The relationship between medicine, health outcomes, and white privilege needs to be better understood, as last year's study only scratches the surface. Historically, there are plenty of examples of where medicine has taken steps to protect the health status of white Americans. For example, at the end of the 19th century, Dr. George Miller Beard invented the diagnosis neurasthenia, which medically legitimized a series of symptoms (including fatigue, depression, and mental collapse) that was debilitating many of America's (white, male) elite. Beard made the disease real by giving it a name and providing treatment. At times, medicine has been motivated by larger population concerns, as was the case with pre-World War II sterilization procedures and legislative efforts that focused primarily on white Americans who had been deemed unfit to procreate. Eugenicists who aimed to uplift the white race saw the sterilization of "degenerates" as an important step toward meeting this goal. More recently, white privilege provided the framework for early advertisements for human growth hormone (HGH) products as short white boys were central to their marketing campaigns, even though the promotions exclusively targeted practitioners. Short white boys portrayed as the perceived consumers of HGH contributed to their access to this therapy as it appeared to be intended for them.
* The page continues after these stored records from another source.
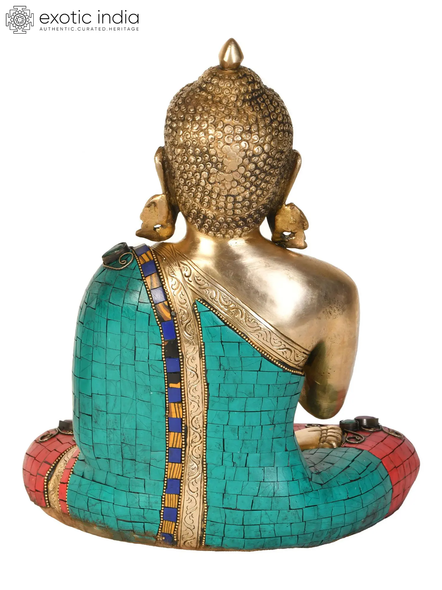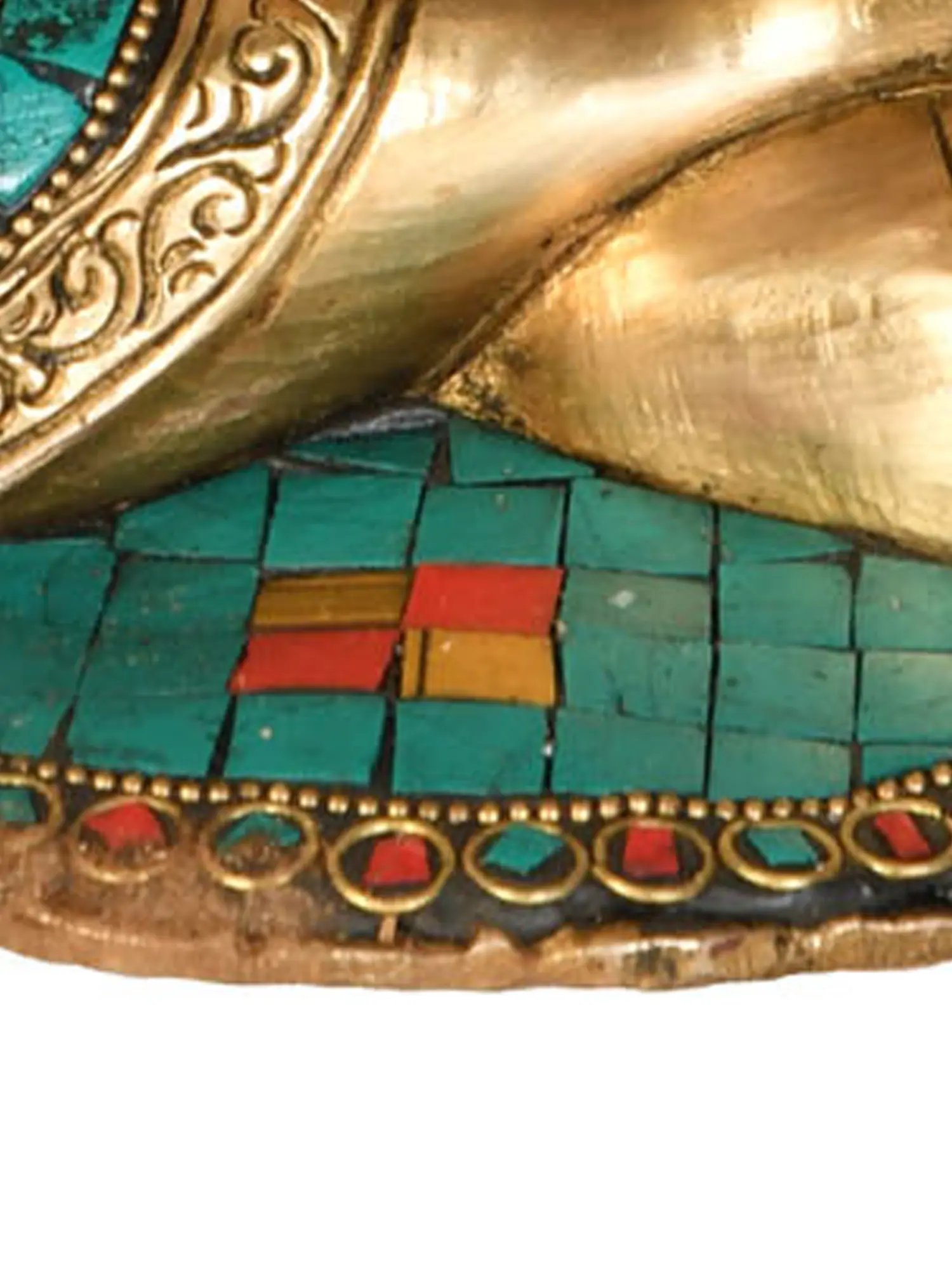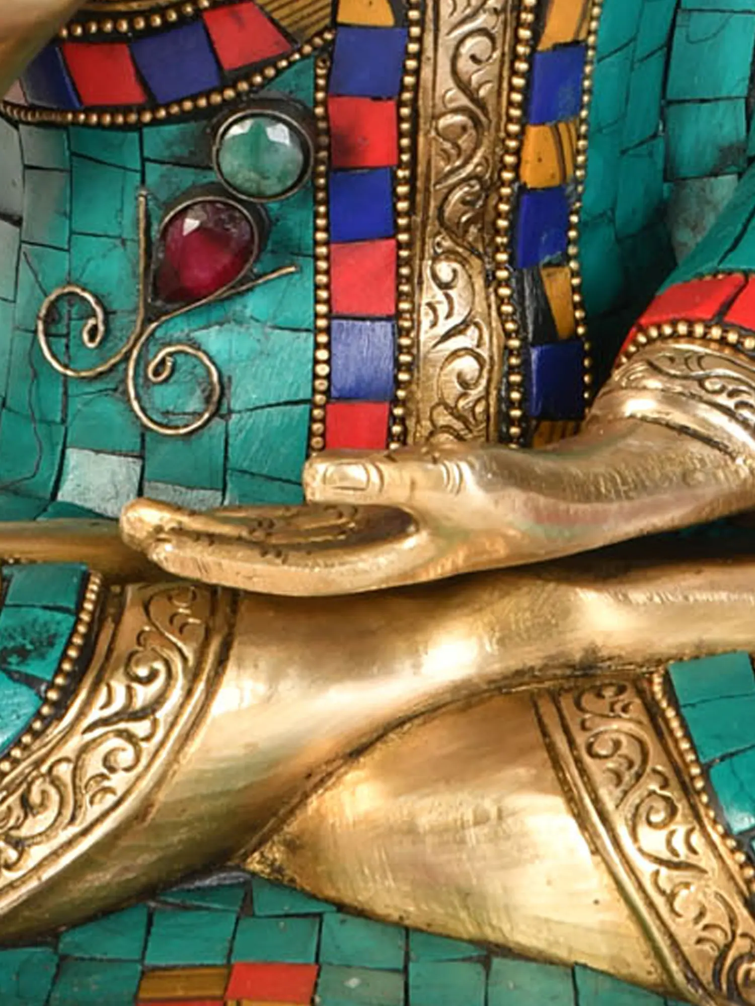 Crafted from brass with exquisite inlay work, this statue is a testament to the rich artistic heritage of India. The vibrant turquoise and deep red tesserae adorning his robe are not merely decorative but symbolically significant. Turquoise, often associated with wisdom, healing, and protection in various cultures, evokes the clarity of the Buddha's teachings. The red, a color of passion and vitality, speaks to the Buddha's immense love for humanity. These stones, meticulously set, create a stunning visual narrative that enhances the spiritual aura of the sculpture. The intricate golden patterns bordering the robe are rendered with precision, reflecting the divine radiance of the Buddha. This piece is a true representation of the "handmade" ethos, where each detail is infused with devotion and skill passed down through generations.
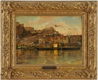 502Larson, Marcus 1825 Atvidaberg - 1864 London Skandinavischer Hafen mit auslaufender Fregatte. Signiert. Datiert 1861. Öl/Lwd., 98 x 135 cm 600 EUR |
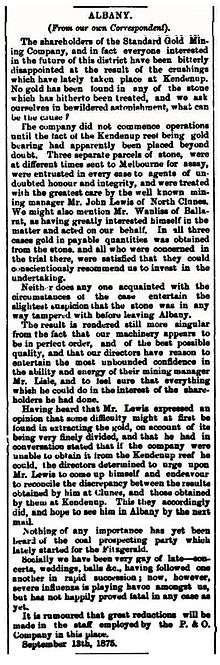 Report of discovery and disappointment, from The Western Australian Times, 21 September 1875
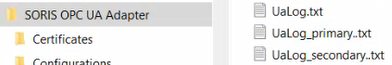 - In C:\Program Files (x86)\Siemens\SORIS OPC UA Adapter, check the content of the relevant TXT file (for example, [UaLog].txt or UaLog_[adapter service name].txt).
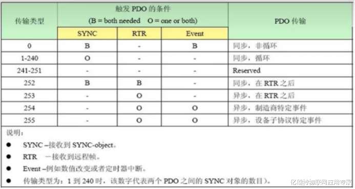 PDO的传输时机由传输类型决定,核心触发条件包括同步(SYNC)、远程帧(RTR)、事件(如数据变化):
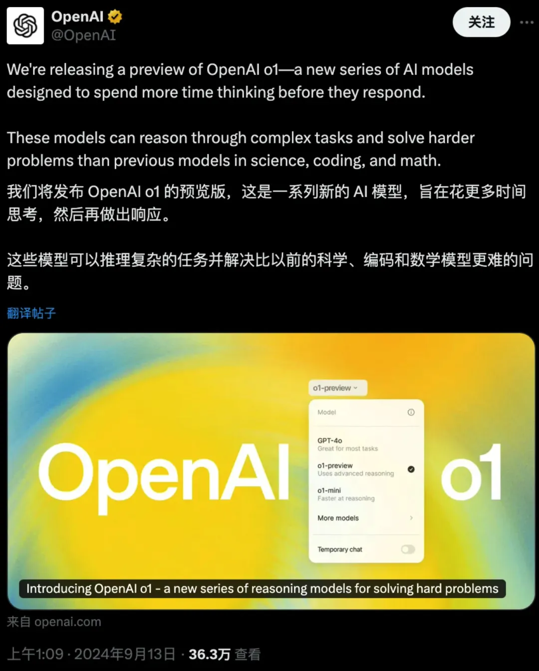 9月13日,Open AI發佈了全新一代的大模型預覽版,這個在內部代號為“草莓”的模型,在問世的一瞬間,還是激起了業內的震動。
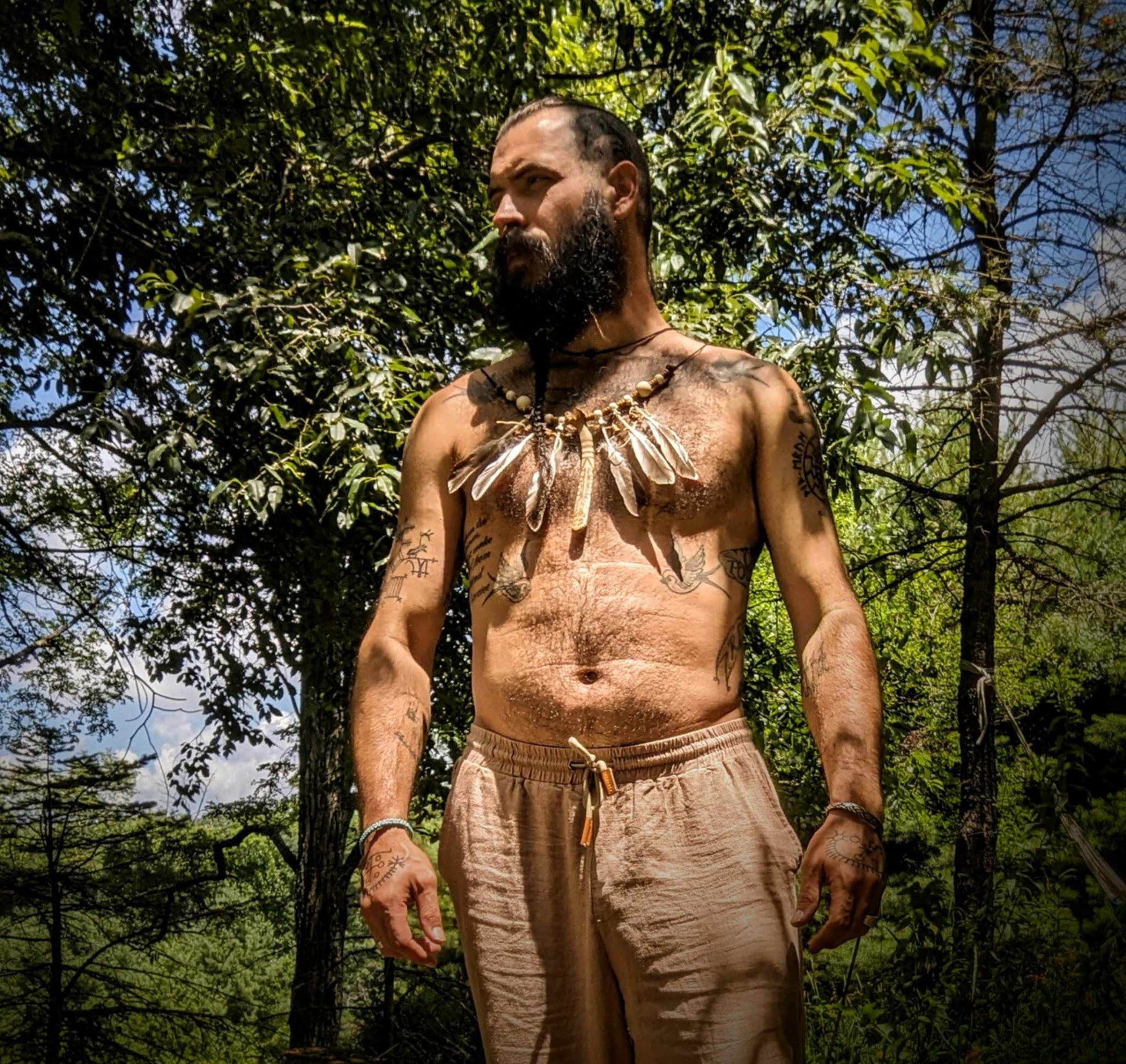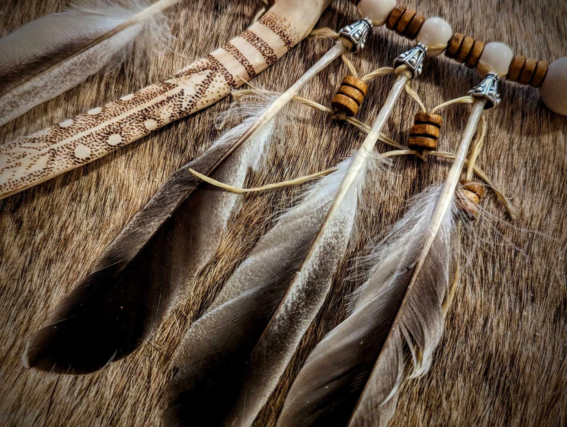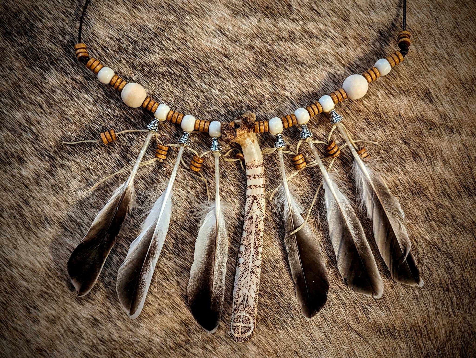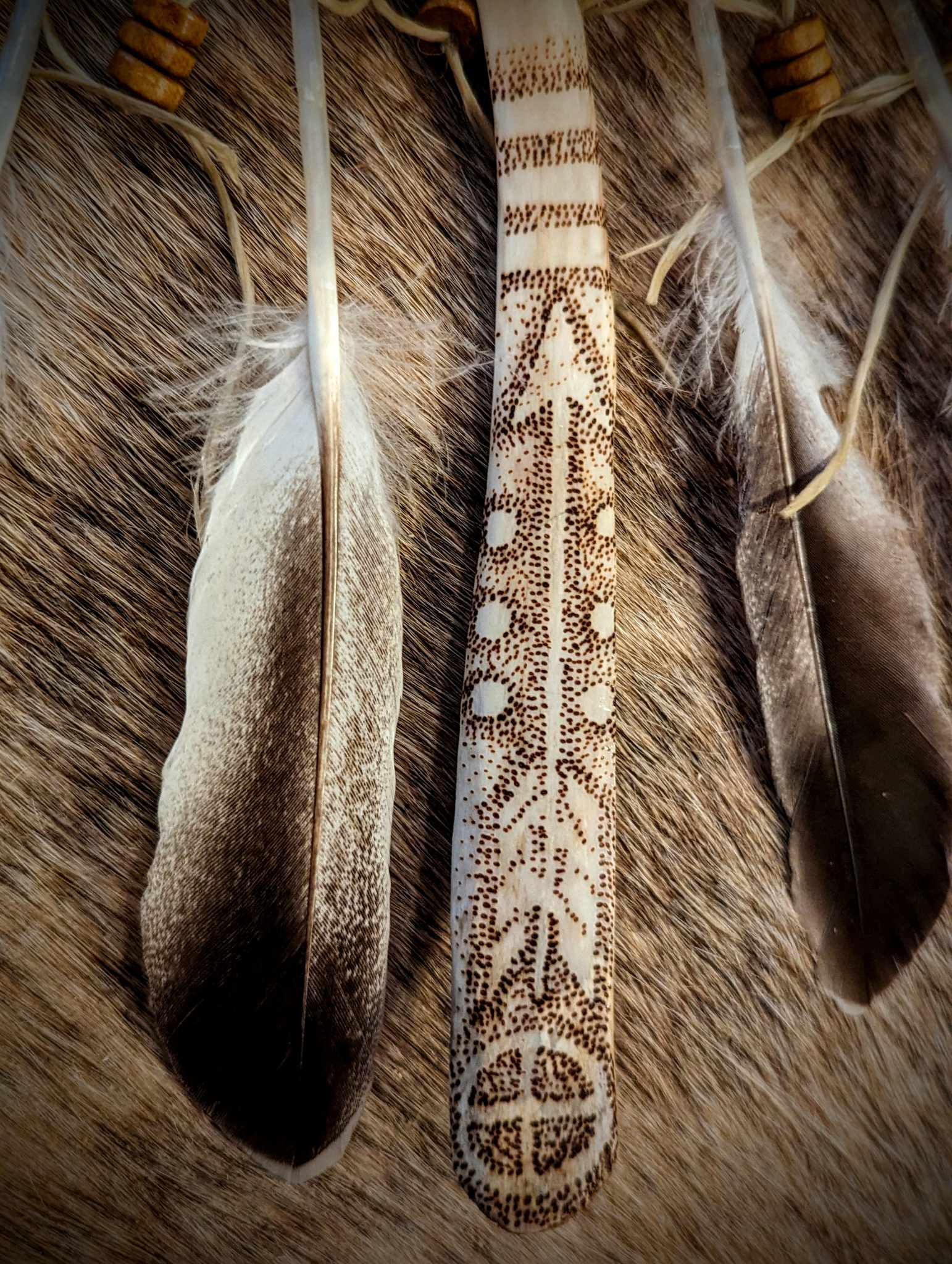 Leather cord necklace featuring a whitetail deer rib bone that has been hand burnee with a sunwheel, an arrow, 6 circles, and 3 lines. It is finished with wood and bone beads, cone beads, and 6 duck feathers.

In the United States, whiteness frames preconceived notions about what makes up a healthy individual and who has access to that status. While the spike in the white mortality rate among the working class has reminded us of the important role that socio-economic status plays in health outcomes, the type and volume of media attention given these victims of our current drug epidemic demonstrates which lives still matter most.
Aimee Medeiros is an assistant professor of the history of health sciences at the University of California, San Francisco and author of "Heightened Expectations: The Rise of the Human Growth Hormone Industry in America."